First, you’ll need a Python AMQP library…and there are two:

  • py-amqplib - General AMQP library
  • txAMQP - An AMQP library that uses the Twisted framework, thereby allowing asynchronous I/O.

Depending on your needs, py-amqplib or txAMQP may be more to your liking. Being Twisted-based, txAMQP holds the promise of building super performing AMQP consumers that use async I/O. But Twisted programming is a topic all its own…so we’re going to use py-amqplib for clarity’s sake. UPDATE: Please check the comments for example code showing use of txAMQP from Esteve Fernandez.

AMQP supports pipelining multiple MQ communication channels over one TCP connection, where each channel is a communication stream used by your program. Every AMQP program has at least one connection and one channel:

  1. from amqplib import client_0_8 as amqp
  2. conn = amqp.Connection(host="localhost:5672 ", userid="guest",
  3.     password="guest", virtual_host="/", insist=False)
  4. chan = conn.channel()

Each channel is assigned an integer channel number automatically by the .channel() method of the Connection() class. Alternately, you can specify the channel number yourself by calling .channel(x) , where x is the channel number you want. More often than not, its a good idea to just let the .channel() method auto-assign the channel number to avoid collisions.

Now we’ve got a connection and channel to talk over. At this point, our code is going to diverge into two applications that use that same bit we’ve created so far: a consumer and the publisher.
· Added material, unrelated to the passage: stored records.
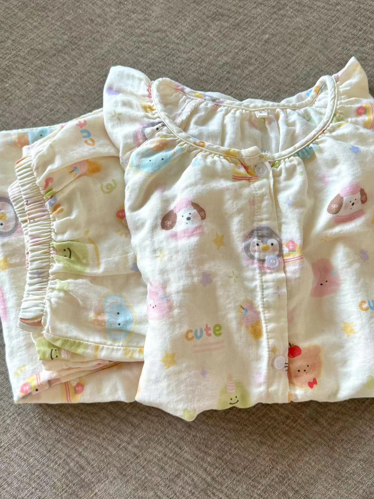 Producto Nuevo de Verano~Pijama de Pantalón y Manga Corta con Cuello Redondo para Mascotas Felices y Lindas Gasa de Doble Capa de Algodón Puro Conjunto de Ropa para el Hogar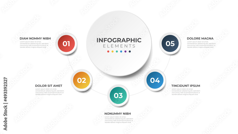 Wall mural : 5 points circular sequence element of infographic, presentation, etc -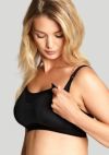 妊娠中から授乳時まで着用いただける新マタニティブラ、キャサリンが新登場。ブラックのマイクロファイバー生地と、ストレッチレースを合わせたモダンでスタイリッシュなデザインです。ノンワイヤーの快適な着心地と、内側にほどこされたサイドスリングで自然な脇寄せ。カップ内側は縫い目のないスムースな生地(パッド加工なし)になっており、肌に優しく纏うような感覚です。後ろのホックは体型(胸郭)の変化に柔軟に対応する6段階調整ホック。片手で簡単に開閉が可能なクリップ仕様です。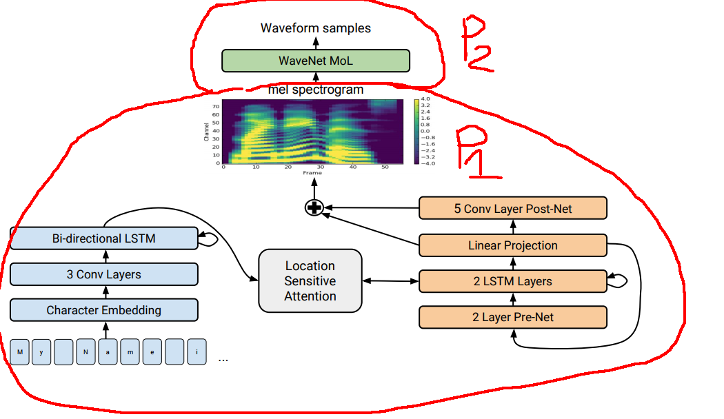 - Phần 1: Spectrogram Prediction Network - được dùng để chuyển đổi chuỗi kí tự (text) sang dạng mel-spectrogram ở frequency-domain
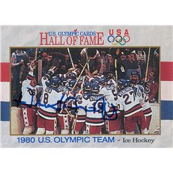 Color hockey card commemorating the 1980 US Olympic Team, 3.5 x 2.5, issued by Impel Marketing in 1991, signed in blue felt tip by Brooks. In fine con

Let’s create the consumer app by creating a queue named “po_box” and an exchange named “sorting_room”:

  1. chan.queue_declare(queue="po_box", durable=True,
  2.     exclusive=False, auto_delete=False)
  3. chan.exchange_declare(exchange="sorting_room", type="direct", durable=True,
  4.     auto_delete=False,)

What did that do? First, it created a queue called “po_box” that is durable (will be re-created on reboot) and will not be automatically deleted when the last consumer detaches from it (auto_delete=False). It’s important to set auto_delete to false when making a queue (or exchange) durable, otherwise the queue itself will disappear when the last consumer detaches (regardless of the durable flag). Setting both durable and auto_delete to true, would make a queue that would be recreated only if RabbitMQ died unexpectedly with consumers still attached.
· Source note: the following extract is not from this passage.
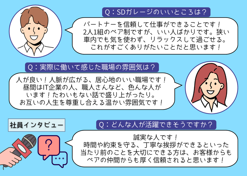 仕事内容 \\ノルマに追われず自由シフトで働ける!// ✨【2種免許:運転代行ドライバー(業務委託)】✨ 松戸市を拠点に、お客様の約80%がリピーターという高い信頼をいただいている「SDガレージ」! お客様に代わって、目的地まで安全に送り届ける重要なお仕事です。 タクシー、バスなどの運転経験を活かして、しっかり稼げる環境で、効率よく稼ぎませんか? ✅ 働く魅力(ここがポイント!)  ̄ ̄V ̄ ̄ ̄ ̄ ̄ ̄ ̄ ̄ ̄ ̄ ̄ ̄ ̄ ̄ ̄ ̄ ✨ 売上に応じた歩合給!専業で月収40万円以上の報酬も可能です◎ ✨ 2種免許があれば、運転にのみ集中できる環境🚗 ✨ 嬉しい日払い対応!急な出費にも対応できて安心です♪ ✨ 週1日・時短OK!スタッフの6割が副業として活躍中! ✨ リピーター率約80%!地元密着で安定した仕事量です! ✅ 具体的な仕事内容  ̄ ̄V ̄ ̄ ̄ ̄ ̄ ̄ ̄ ̄ ̄ ̄ ̄ ̄ ̄ ̄ ̄ ̄ 千葉県松戸市を中心としたエリアで、客車代行運転ドライバーをお任せします! ◆運転代行業務 ・お客様の車の代行運転 ・随伴車の運転 ▼追加で下記業務をお願いすることもあります! ◇内勤業務・お客様からの注文受付 ・無線による配車業務 ・事務作業、庶務 ・売上集計、データ入力など ◇ロードサービス業務(別途就業条件あり) ・JAF依頼による故障車 ・事故車の救援 ・積載車での車両搬送 ✅運転代行未経験の方でも安心!  ̄ ̄V ̄ ̄ ̄ ̄ ̄ ̄ ̄ ̄ ̄ ̄ ̄ ̄ ̄ ̄ ̄ ̄ ご経験は一切不問です! 「今の生活リズムを崩さずに収入を増やしたい」 「気分転換になるような、別の繋がりが欲しい」 「夜のドライブ感覚で、運転の好きを活かしたい」 そんな気持ちがあれば大歓迎です✨ 当社のスタッフは、多彩なバックグラウンドを持つメンバーばかり! しっかりと「教えてもらえる」文化が根付いています。 今までの運転のご経験を存分に活かせる環境があります! ✅入社後の流れ  ̄ ̄V ̄ ̄ ̄ ̄ ̄ ̄ ̄ ̄ ̄ ̄ ̄ ̄ ̄ ̄ ̄ ̄ ⏰まずは座学研修で運転代行の基礎知識や具体的な仕事の流れを理解 ⏰先輩のサポートを受けながら実務を習得 ⏰実際に運転代行の業務に挑戦 ⏰将来的には幹部候補としてのキャリアアップも可能 ✅株式会社SDガレージとは?  ̄ ̄V ̄ ̄ ̄ ̄ ̄ ̄ ̄ ̄ ̄ ̄ ̄ ̄ ̄ ̄ ̄ ̄ 弊社は、運転代行・ロードサービス事業を展開する地域密着型企業です! 松戸市を拠点に、お客様の約80%がリピーターという高い信頼をいただいており、 「安心して任せられる存在」として着実に成長を続けています。 弊社の自慢は、単なる「運転」だけで終わらない仕事の幅広さと、 何よりスタッフ同士の絆の深さ。 異業種から転職してきた仲間たちが、 一つのコミュニティのように互いを高め合いながら活躍しています! ✅ 社員インタビュー  ̄ ̄V ̄ ̄ ̄ ̄ ̄ ̄ ̄ ̄ ̄ ̄ ̄ ̄ ̄ ̄ ̄ ̄ ✨しっかり稼げますか? はい!お客様の車を直接運転する客車ドライバーは高報酬が得られます。 力仕事が一切なく運転に集中できる環境なので、専業で月に35〜40万円稼ぐことも可能です! ✨副業でも働きやすい環境ですか? スタッフの60%が副業として活躍しています! 週1日からの柔軟なシフトや時短勤務制度があり、日払いも基本なので、 スキマ時間で効率よく収入を上げるのにぴったりです! ✨職場の雰囲気や人間関係はどうですか? 昼間はIT企業の人や職人さんなど、本業がバラバラな多様な仲間が集まっています! 2人1組のペア制ですがいい人ばかりで、タクシーと違って、常に相方がいるのが心強いです。 道に迷った時や、ちょっとした休憩中も心細くないのが代行のいいところですね! \\皆様からのご応募を心よりお待ちしております✨//

(You may have noticed there’s another flag specified called “exclusive”. If set to true, only the consumer that creates the queue will be allowed to attach to it. It’s a queue that is private to the creating consumer.)

There’s also the exchange declaration for the “sorting_room” exchange. auto_delete and durable mean the same things as they do in a queue declaration. However, .exchange_declare() introduces an argument called type that defines what type of exchange you’re making (as described earlier): fanout, direct or topic.

At this point, you’ve got a queue to receive messages and an exchange to publish them to initially…but we need a binding to link the two together:

  1. chan.queue_bind(queue="po_box", exchange="sorting_room",
  2.       routing_key="jason")

The binding is pretty straight forward. Any messages arriving at the “sorting_room” exchange with the routing key “jason” gets routed to the “po_box” queue.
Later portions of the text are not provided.